Instruction for the entries below: return the part that opens with the line containing "中も意外と広く、大水槽やペン" and closes with the line containing "情報機器の普及で言葉や言葉の", exactly, and no pictures.

*** Opening of EXERCISE DATA ***

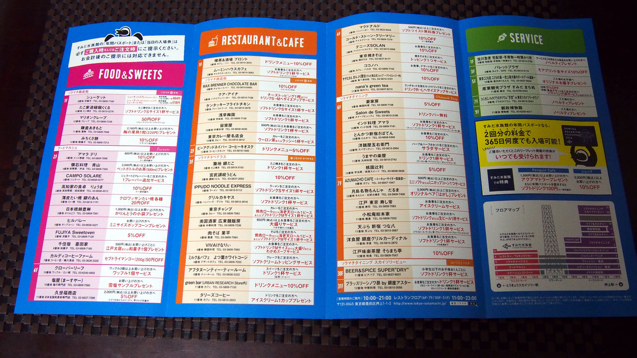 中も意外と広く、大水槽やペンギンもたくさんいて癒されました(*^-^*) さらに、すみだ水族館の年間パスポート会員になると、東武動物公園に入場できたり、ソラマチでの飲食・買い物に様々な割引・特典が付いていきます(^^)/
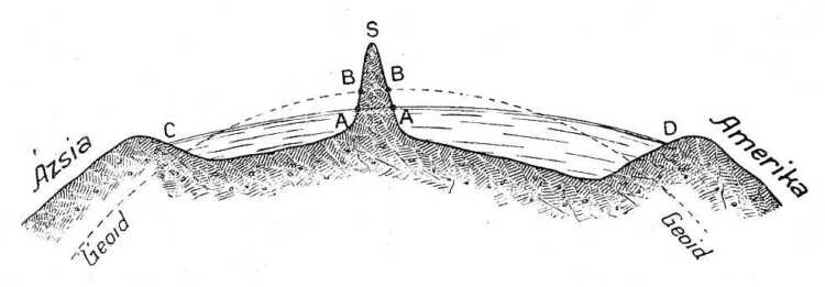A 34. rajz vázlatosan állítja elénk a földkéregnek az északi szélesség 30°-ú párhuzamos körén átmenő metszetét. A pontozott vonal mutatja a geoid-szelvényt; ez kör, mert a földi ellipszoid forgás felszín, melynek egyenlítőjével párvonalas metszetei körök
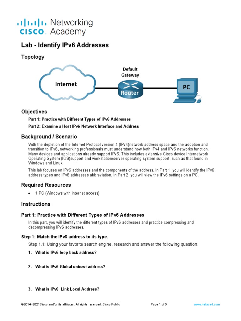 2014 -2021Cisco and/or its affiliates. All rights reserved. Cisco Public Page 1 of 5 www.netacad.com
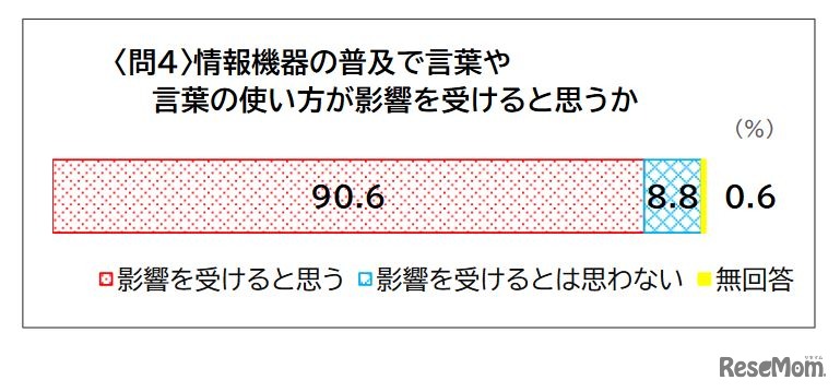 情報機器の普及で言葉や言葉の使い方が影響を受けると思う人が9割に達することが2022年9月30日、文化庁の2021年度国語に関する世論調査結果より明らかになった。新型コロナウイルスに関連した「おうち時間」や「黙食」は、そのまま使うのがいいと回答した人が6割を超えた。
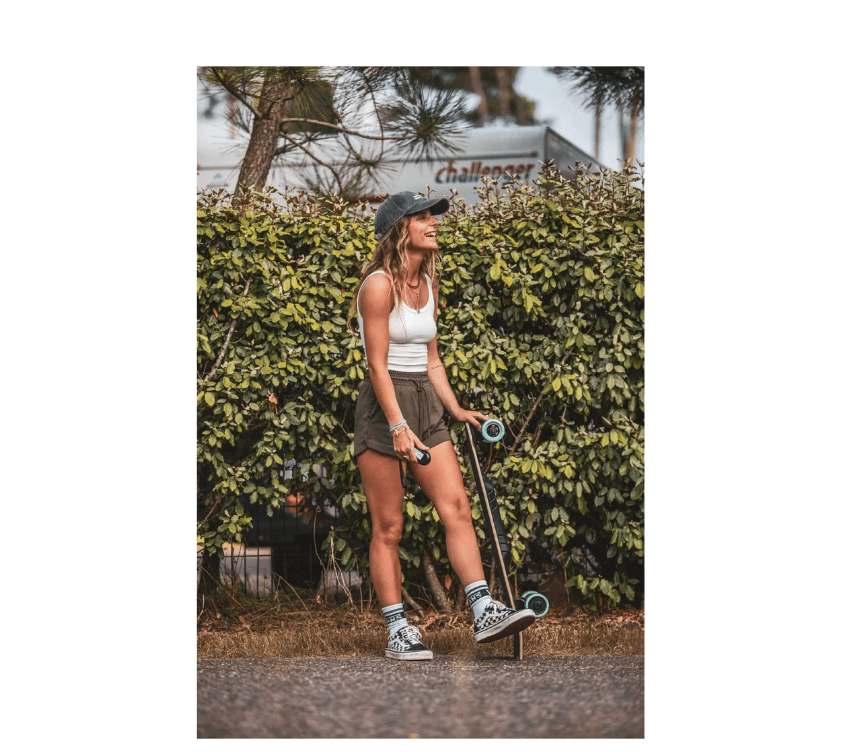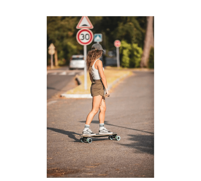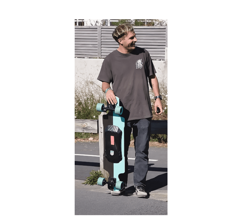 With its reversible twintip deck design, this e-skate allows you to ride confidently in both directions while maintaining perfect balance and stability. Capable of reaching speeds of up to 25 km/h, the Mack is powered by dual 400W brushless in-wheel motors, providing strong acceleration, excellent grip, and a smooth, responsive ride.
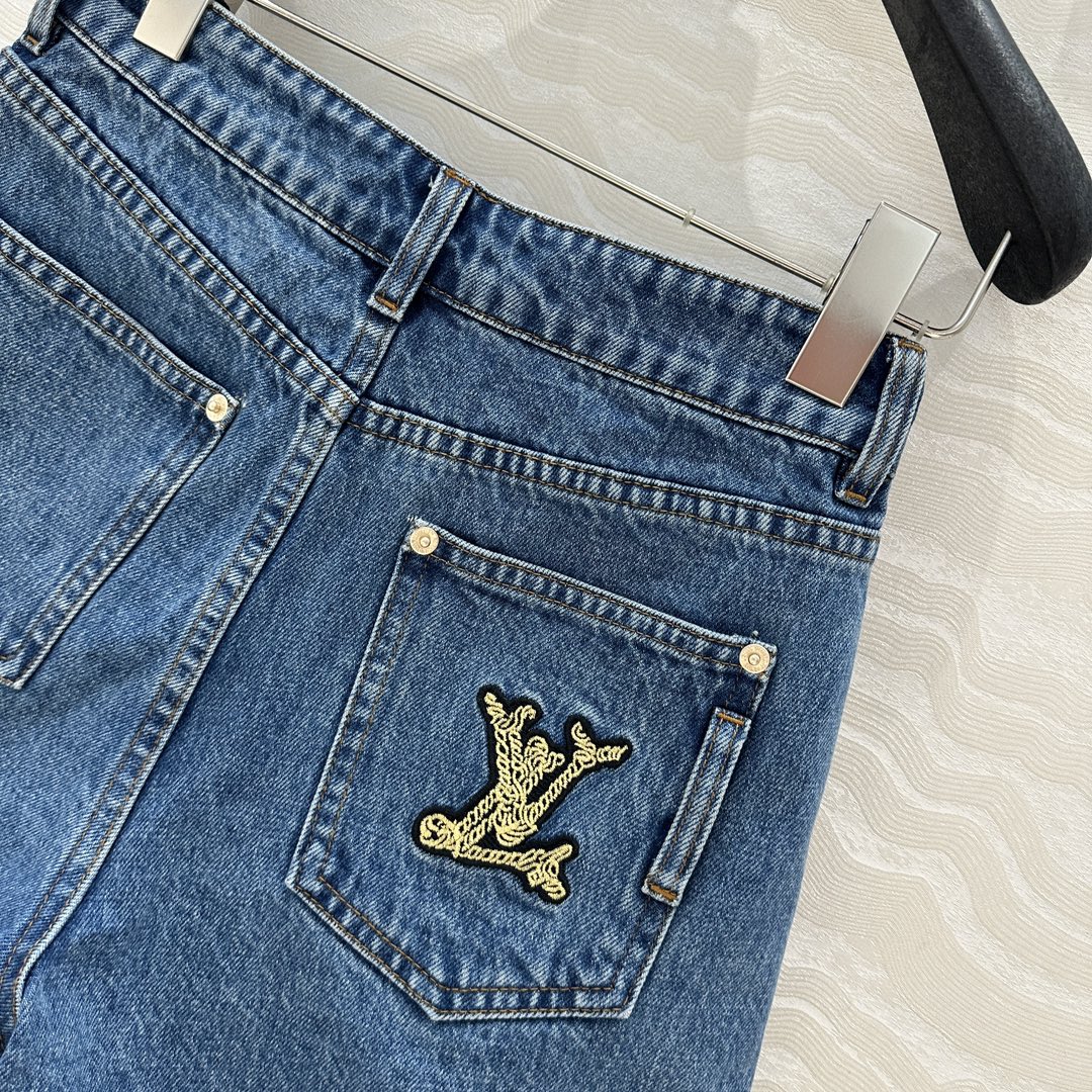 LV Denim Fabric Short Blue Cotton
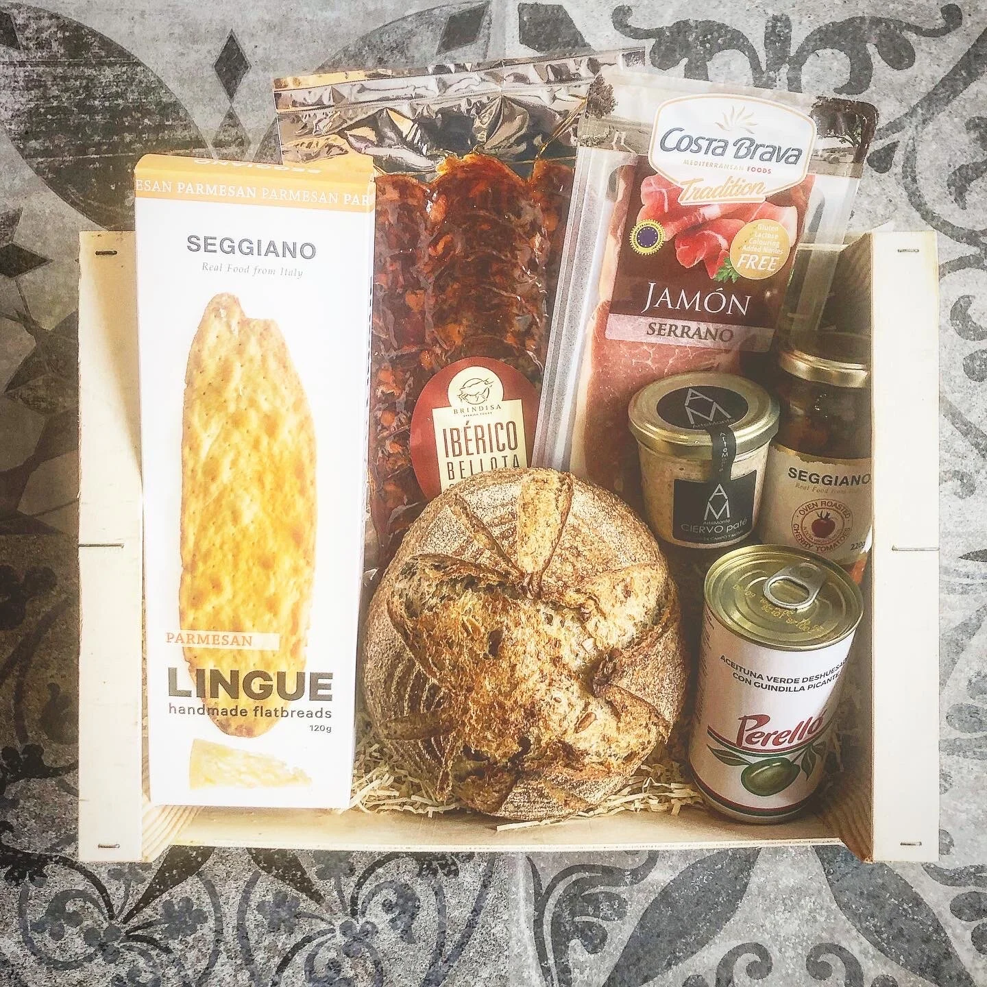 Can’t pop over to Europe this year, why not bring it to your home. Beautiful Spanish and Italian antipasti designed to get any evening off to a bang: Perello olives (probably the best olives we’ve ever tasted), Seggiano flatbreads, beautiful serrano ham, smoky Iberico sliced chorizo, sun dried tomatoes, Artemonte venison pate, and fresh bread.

*** Close of EXERCISE DATA ***
*** Opening of EXERCISE DATA ***

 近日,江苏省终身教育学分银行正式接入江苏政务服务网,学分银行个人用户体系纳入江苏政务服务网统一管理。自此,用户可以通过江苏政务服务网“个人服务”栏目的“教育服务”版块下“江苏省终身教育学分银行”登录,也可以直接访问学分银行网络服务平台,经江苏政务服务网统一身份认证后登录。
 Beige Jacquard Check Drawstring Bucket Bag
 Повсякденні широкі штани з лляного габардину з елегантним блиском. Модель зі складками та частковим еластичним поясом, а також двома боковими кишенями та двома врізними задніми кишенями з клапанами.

*** Close of EXERCISE DATA ***

**SOLUTION TO THIS TASK:**
 中も意外と広く、大水槽やペンギンもたくさんいて癒されました(*^-^*) さらに、すみだ水族館の年間パスポート会員になると、東武動物公園に入場できたり、ソラマチでの飲食・買い物に様々な割引・特典が付いていきます(^^)/
A 34. rajz vázlatosan állítja elénk a földkéregnek az északi szélesség 30°-ú párhuzamos körén átmenő metszetét. A pontozott vonal mutatja a geoid-szelvényt; ez kör, mert a földi ellipszoid forgás felszín, melynek egyenlítőjével párvonalas metszetei körök
 2014 -2021Cisco and/or its affiliates. All rights reserved. Cisco Public Page 1 of 5 www.netacad.com
 情報機器の普及で言葉や言葉の使い方が影響を受けると思う人が9割に達することが2022年9月30日、文化庁の2021年度国語に関する世論調査結果より明らかになった。新型コロナウイルスに関連した「おうち時間」や「黙食」は、そのまま使うのがいいと回答した人が6割を超えた。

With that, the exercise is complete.